From the test results of VOT2017, the high-performance trackers are mainly the following. C-COT [168] used CF combined with conventional features, its accelerated version ECO [164], the fine-tuned version CFCF [151], and the ECO-based GNet with GoogLeNet feature. CPU high speed trackers are ECO-HC [164], Staple [128], ASMS [79], and C++ based CSR-DCF++ [63]. GPU high-speed trackers include SiamFC [144], and its extended version SiamDCF [146], UCT [150]. Although the test results are good, they are all based on test sets. However, for the practical application scenarios, especially the mobile robot, which is the main direction in the future, there are still a lot of difficulties to overcome in the current tracking algorithm.
(1) Tracking accuracy and speed coordination
What the most important thing for mobile robot is that the visual tracker is more focused on the ability of real-time operation. At the present stage, visual tracking concerns could be divided into two main categories: The first category focuses on improving accuracy, such as MDNet [143], CFCF [151], TCNN [167], etc. This kind of tracker does achieve high precision and high ranking on each data set, but the speed is very slow (both on CPU and GPU), which cannot meet the requirement of mobile robot real-time application. The second focuses on real-time performance, such as Staple [128], ECO-HC [164], EAST [147] and so on, which guarantees accuracy and is much faster than DL-based architecture. From the VOT2017 challenge results, the top ten trackers on public dataset are C-COT-based or ECObased and the main features used convolutional and hand-crafted features. The performence of the tracker with convolutional features is better than that with hand-crafted features only, but the speed of the tracker is also decreased seriously. Although the performance of the GPU-based trackers is getting better and faster with the great development of deep learning, it has a good performance in the desktop work scene, but it can not be applied to the mobile side (based on ARM or CPU). Whether convolutional features are needed, or whether to find the better-faster features, is what the tracker needs to consider when it comes to mobile robots.

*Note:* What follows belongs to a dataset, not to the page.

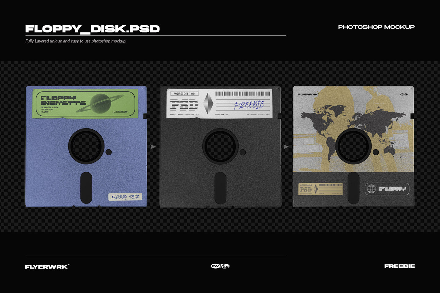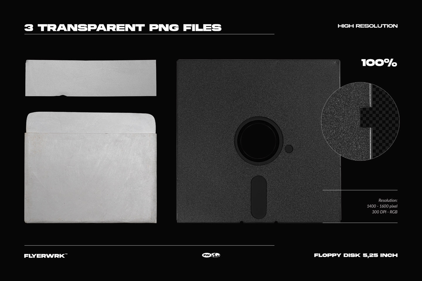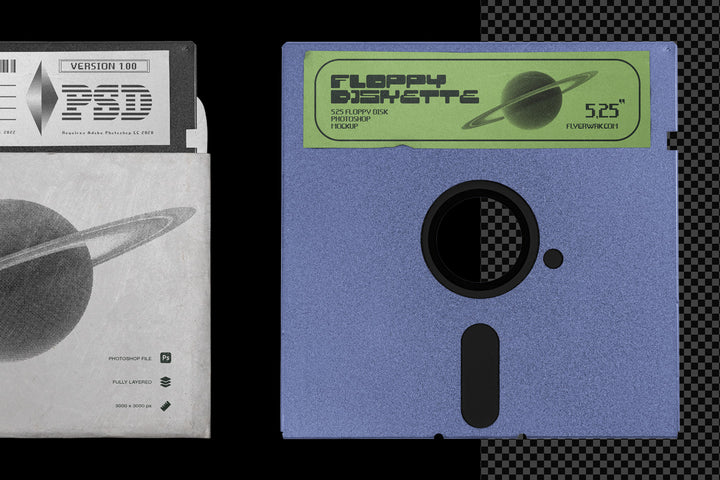 This mockup is built from a real photographed 5.25" floppy, so you get all the subtle texture and imperfections that make it feel authentic and not “too digital.”

(2) Combination of target detection and tracking
In the test database of trackers, because all the targets are pre-calibrated, that is, the initial position of the target in each set of video frames is already known before tracking, the tracker tracks calibrated target directly. Therefore, it does not represent the ability to initialize the tracker in practical applications. Human brain has a strong logical reasoning ability, so it can identify the target at any time, and the "first impression" of the target can be quickly stored in the mind, and then can follow it all the time. However, the visual tracker selectively ignores the important issue of how the first frame bounding box comes from. Some trackers often appear to be weak when it is necessary to independently select and track new targets. The next step of visual tracking can be fused with target detection and recognition, which can independently confirm the target and then tracking it. In mobile robot applications, detect to Track would certainly be a closed loop in the future, rather than limited to the performance or speed of the tracker.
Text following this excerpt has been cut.